We also added this paragraph to the discussion section, page 22, line 484, for the clarity of the manuscript. “Herein, our study touches on a very important issue regarding the balance between the protective versus pathogenic effects of a vaccine against human toxoplasmosis. Using human HLA-11:01 transgenic mice, the universal HLA-DR and mouse IA-b binding PADRE epitope, adjuvants GLA-SE, as well as previous knowledge regarding immuno-stimulating parasite CD4 and CD8 epitopes in mice, demonstrate specific combinations that promote mouse survival to challenge. Our quest to find the best combination of immunogens reveals the importance of CD4⁺ to confer protection soon after a boost immunization and CD8⁺ T cell stimulating epitopes to enhance protection over the longer term via the production of memory T cells. In addition, broadening the CD4⁺ T cell specificity reduces the total frequency of IFN-γ positive CD4⁺ T cells but still improves the outcome of the vaccination. These studies demonstrate that the company that vaccine peptide constituents keep determines the harmful versus protective capacity of a vaccine. This has a direct clinical application since there are no efficient medicines in the clinic for chronic toxoplasmosis.
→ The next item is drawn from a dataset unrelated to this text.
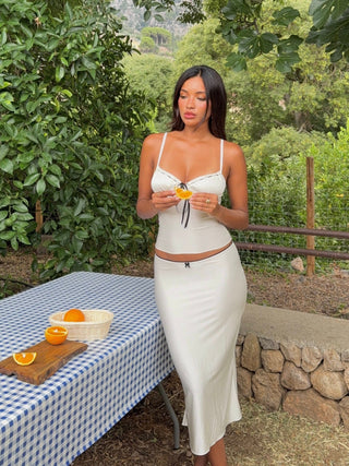 A dainty lace camisole top with white lace trim, delicate bow trailing down the décolletage. She is 90’s vintage inspired, playful, and has a feminine silhouette with a polka dot print. You can effortlessly pair this top with any item in your wardrobe, including its matching skirt that accentuate your curves. Available in Solid White, Black and Polka Dot.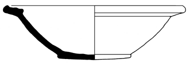 Plat à aile très longue oblique, panse rectiligne ou légèrement convexe, fond marqué débordant ou non ou fond continu, assise plate ou soulevée.

This balanced approach to vaccine development confers robust protection against toxoplasmosis while avoiding serious immunological complications and preventing morbidity and mortality.”
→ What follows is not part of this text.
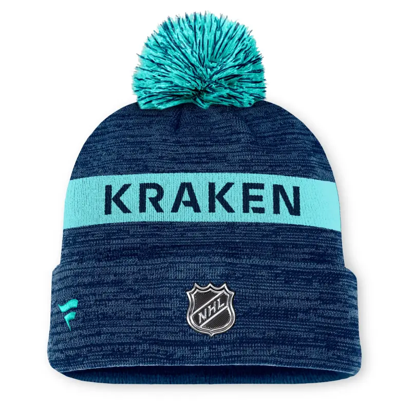 Nuorten syvänmerensininen Seattle Kraken jacquard-tupsullinen neulepipo tupsulla

We greatly appreciate the Reviewers’ comments and suggestions. We believe that incorporating these suggestions has improved our manuscript. We also are grateful that the Reviewers and Editor are allowing us the opportunity to respond to these suggestions. We hope our manuscript might now be found suitable for publication in Vaccines. Please contact us if there is any other information we can provide.

Thank you very much for your consideration.  

Author Response File: Author Response.pdf

Round 2

Reviewer 3 Report

Accept the revised version. 

Reviewer 4 Report

The authors have adequately addressed all the concerns and questions raised in the initial review. The evidence provided substantively supports the claims made in the paper, and the arguments are well-structured and coherent. Therefore, I believe the manuscript is ready for publication in its current format.